What is WPF/E really?

In a few newsgroup posts on our forums, I’ve seen some confusion about what WPF/E CTP enables and what it doesn’t. This is probably a result of the snappy codename we’ve chosen, but I’ll attempt to add some clarity. WPF/E is a subset of WPF, but the subset was chosen in a careful way to enable web scenarios that are not possible with HTML alone.

On the team, the way we think of WPF/E is this: WPF/E is a browser plug-in that augments the set of functionality provided by HTML to provide media, animation and vector graphics with the same programming model that the HTML DOM exposes. This CTP of WPF/E is not a UI technology that replaces HTML, it augments the capabilities.

HTML elements can be created, accessed and modified using javascript running on a web page. WPF/E elements can be created, accessed and modified using javascript running on a web page. HTML is easy to search since it is sent to the user as plain text. WPF/E is also sent to the user as plain text. HTML samples and tricks are shared organically because the page source can be easily viewed. WPF/E allows for the same thing.

HTML provides flow text layout, text input, tabular and flow layout panels, and a simple set of UI controls. WPF/E provides media playback, vector graphic drawing and animation support. The two sets of capabilities compliment one another.
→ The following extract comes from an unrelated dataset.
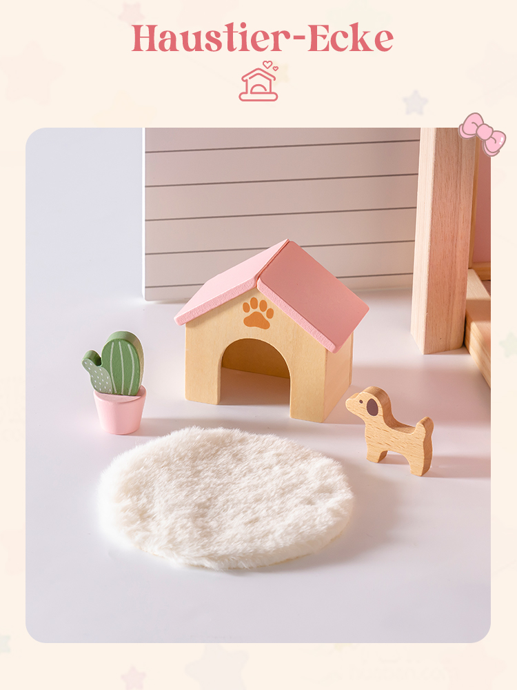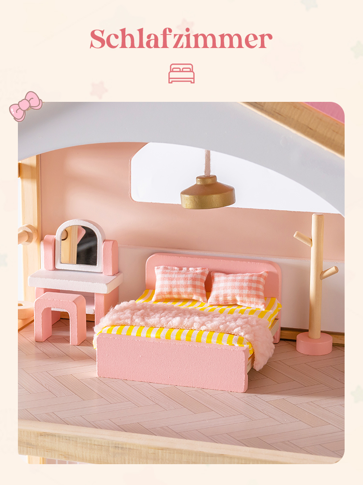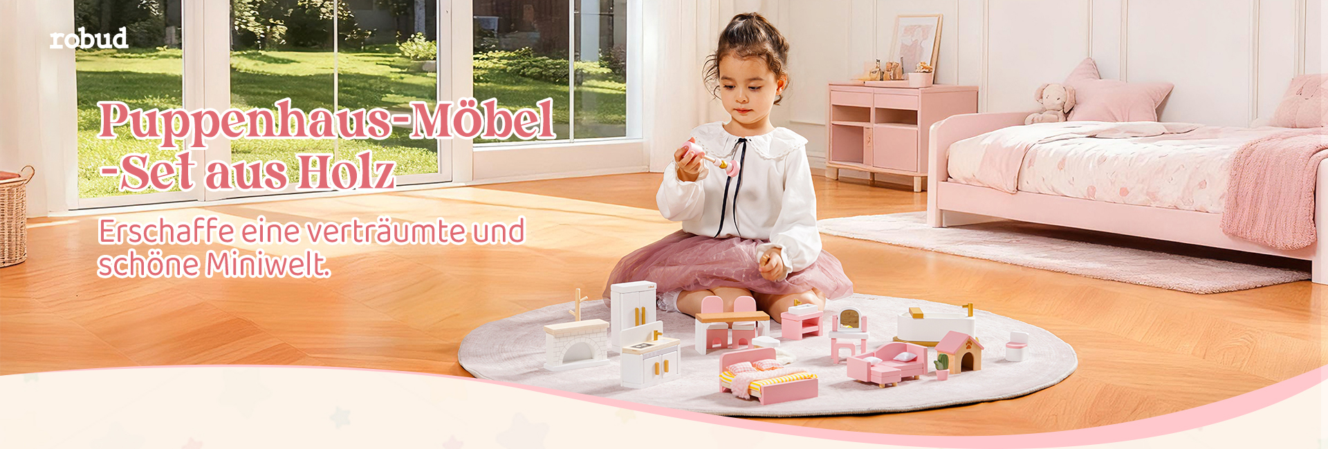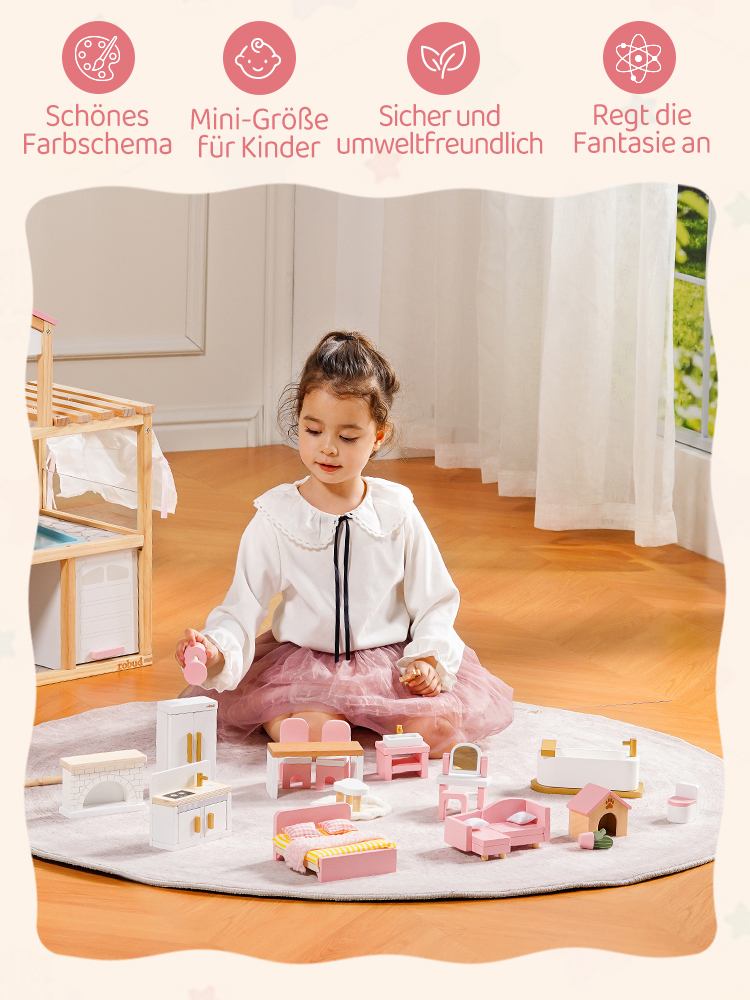 ROBUD Puppenhausmöbel-Set aus Holz - Rosa
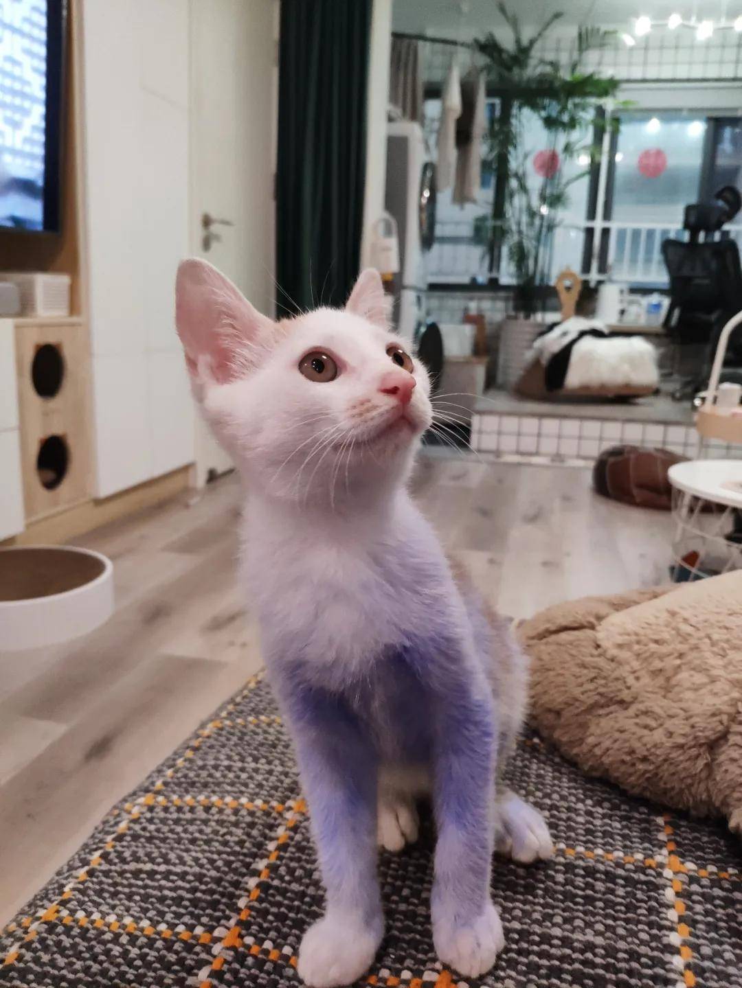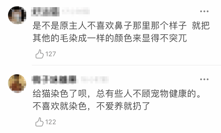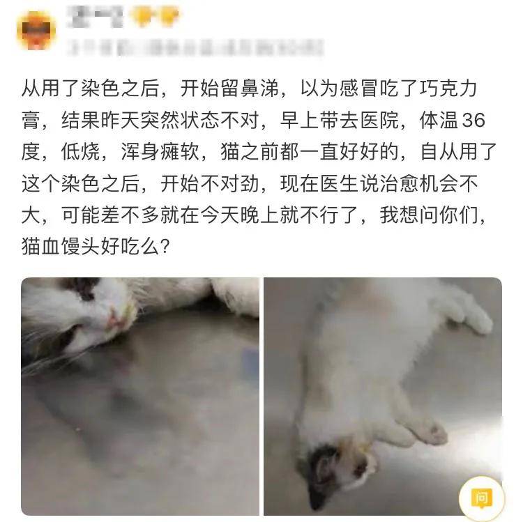 两个月前,网友@ネф̶ イω 在豆瓣猫小组发了一则求助帖称: “自己捡了一只猫,但这个颜色,是田园猫吗?” 当时,大多数人看完照片纷纷夸赞小猫咪的神仙配色; 还有人耐心回应,小猫应该是只田园长毛猫。 后来,网友把小猫送给朋友照顾了。 时隔一个月,网友收到朋友发来的一张猫咪的近照,顿时傻眼…… 因为小猫洗了几次澡后,毛色越洗越白,直接从咖啡色褪成了白色? 虽然网友自己也养了猫,但看到这么奇怪的现象,一时也无法理解。 为此,网友再次发帖求助:难道猫也会掉色吗? 不出所料,评论区大家的第一反应跟我一样,一致认为猫是被人染色了。 更令人心痛的是,给猫咪染色的现象并非个例。 ▼ 今年6月,@和猫住 曾救助过一只浑身紫色的流浪猫。 经过仔细检查后,大家发现小猫的紫色毛发是被人用染剂染色的,好在毛发下的皮肤暂无大碍。 几天后,一位有爱的小姐姐将它领养回家了。 在耐心的照料下,小猫身上紫色毛发也渐渐褪色了。 没过多久, 又有路人捡到一只蓝色的猫。 猫的颜色极其夸张,看看这个浓度,实在太吓人了。 路人第一时间送猫去了医院,医生判定这是蓝墨水染色所致,对身体的影响不大,会慢慢褪色的。 经过很长一段时间后,小猫也逐渐恢复本来的样子了。 by 微博@和猫住 话说回来,这种凭私心篡改猫毛色的行为,真的可以吗? 答案是:当然不可以!不可以!不可以! 为了满足自己的虚荣心,枉顾猫咪的健康,说到底不止自私和愚昧,而且百害无一利。 染色易导致猫咪焦虑 首先,从情绪上讲,染色容易使猫焦虑。 毛发和气味是猫自我认知的重要标志之一,染色会造成猫对自己身份的认知障碍。 猫被染色后,毛发上会沾有刺鼻的化学异味,会使猫变得没有安全感,继而出现食欲不振、情绪不佳等症状…… 有的猫胆子小,被染色过程中可能会引起应激反应。 而应激不仅会导致猫咪发病,极端情况下甚至有可能猝死… 染色=破坏猫咪皮肤的保护膜 你以为染色剂只是依附在猫毛罢了,当然不是啊! 猫皮肤厚度很小,仅有0.4~2mm,意味着这些化学成分更容易渗透到猫皮肤中。 皮肤和被毛是猫的一道坚固的屏障,它能防止体内水分的丢失,抵御某些机械性的损伤,保护机体免受有害理化作用的损伤。 染色剂里的化学成分,会杀死它们身上的益菌,影响皮肤油脂的分泌,甚至会引发皮肤过敏。 更严重的是,鼻子、眼睛、嘴巴等敏感器官也会被慢慢侵染,导致失明、嗅觉消失、休克等。 染色轻则中毒,重则致命! 众所周知,猫日常有舔毛习惯。 被染色后的毛发里残留化学成分、香精香料极易被舔食,久而久之,这些化学成分会在猫体内累积。 猫的肝脏代谢根本不能完全分解这些物质,会造成瘙痒、耳朵充血、水疱等一系列健康问题,甚至会直接中毒死亡。 试问:为了满足自己畸形审美的尝试真的值得吗? 每一只猫都是造物者创造的奇迹,它们本来的样子就很美了。 譬如,我国的中华田园猫:狸花、玳瑁、三花、彩狸、奶牛、玄黑、雪白、橘色…它们各有各的美。 我们从来不提倡给猫染色,并且坚决抵制! 任何对动物具有强制性的,违背了动物本身样貌或习性的行为,归根到底,都是一种伤害! 最后,希望大家帮忙扩散出去,让更多人知道给猫咪染色的危害,别再让任何一只猫被迫失去原本的样貌。 * E7 R9 E# B2 M/ u% ^

This is not to say other parts of WPF will not be incorporated into WPF/E in future CTPs and versions of the product, because we are definitely planning on growing our WPF subset and the overlap with HTML features. Very important things like text input, layout, resources, data binding and of course, CLR integration are all WPF features that our team is scoping for integration with WFP/E. I’m just trying to frame the approach we’ve taken with the initial CTP of WPF/E. Extend the browser and give users the most consistent development model we can.